Cies Breijs

Posted on Mar 24

Postgres pipelines from the JVM with Bpdbi

Every time your JVM app talks to Postgres over JDBC, something wasteful happens. Your code sends a query, waits for the response, sends the next query, waits again, etc. Each wait is a full network round-trip with a typical latency of 0.5-2ms in a cloud environment. For a simple transaction with a few queries, that's 8-10ms of just... waiting.

This problem is exacerbated by using db transactions and the additional queries that are commonly added when using Postgres' Row-Level Security (RLS). For instance when using Supabase, a role and JWT claims need to be set before executing the actual query. Usually this is done more than once for each HTTP request, as some db queries need to be executed with a different role than others.

Bpdbi is a new JVM database library for the Postgres database. It exposes pipelining, a feature that's been part of the Postgres wire protocol since version 14.

JDBC cannot do pipelines.
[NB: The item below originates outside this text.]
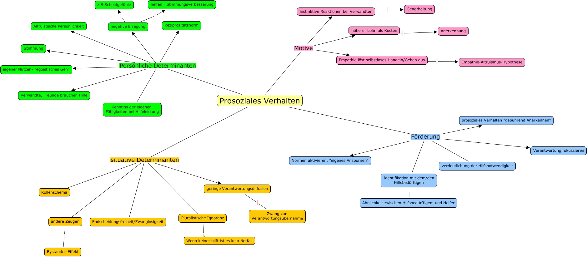KapitelPrSoz Gruppe4, Prosoziales Verhalten situative Determinanten Endscheidungsfreiheit/Zwanglosigkeit, Prosoziales Verhalten situative Determinanten andere Zeugen, Prosoziales Verhalten situative Determinanten geringe Verantwortungsdiffusion, geringe Verantwortungsdiffusion Zwang zur Verantwortungsübernahme, Pluralistische Ignoranz Wenn keiner hilft ist es kein Notfall, Prosoziales Verhalten Persönliche Determinanten Altruistische Persönlichkeit, Prosoziales Verhalten situative Determinanten Rollenschema, Prosoziales Verhalten Persönliche Determinanten eigener Nutzen- "egoistisches Gen", Prosoziales Verhalten Förderung Normen aktivieren, "eigenes Anspornen", Prosoziales Verhalten situative Determinanten Pluralistische Ignoranz
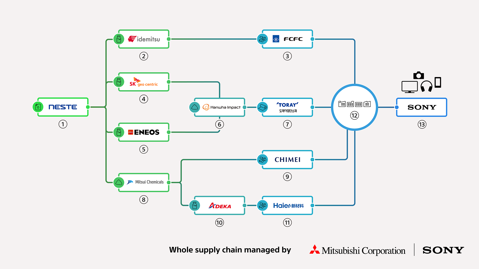 <Overview of the Entire Supply Chain> (1) Production of renewable naphtha — Neste Corporation / (2) Production of renewable styrene monomer — Idemitsu Kosan Co., Ltd. / (3) Production of renewable polystyrene resin — Formosa Chemicals & Fibre Corporation / (4) Production of renewable para-xylene — SK Geo Centric Co., Ltd. / (5) Production of renewable para-xylene — ENEOS Corporation / (6) Production of renewable terephthalic acid — Hanwha Impact Corporation / (7) Production of renewable PET resin — Toray Advanced Materials Korea Inc. / (8) Production of renewable bisphenol-A — Mitsui Chemicals, Inc. / (9) Production of renewable polycarbonate (PC) resin — CHIMEI Corporation / (10) Production of renewable flame retardants — ADEKA CORPORATION / (11) Production of renewable PC/ABS resin — Qingdao Haier New Material Development Co., Ltd./ (12) Molding manufacturers / (13) Design and manufacturing of finished products — Sony Corporation

Bpdbi can.

Where this came from

Bpdbi started as a port of the Vert.x SQL Client — the database layer behind Quarkus and one of the fastest JVM database drivers. Vert.x already speaks the Postgres wire protocol directly (no JDBC), and exposes the pipelines feature.

Vert.x is fully reactive (async/non-blocking). Reactive code is not for everyone: it adds significant complexity ¹ ².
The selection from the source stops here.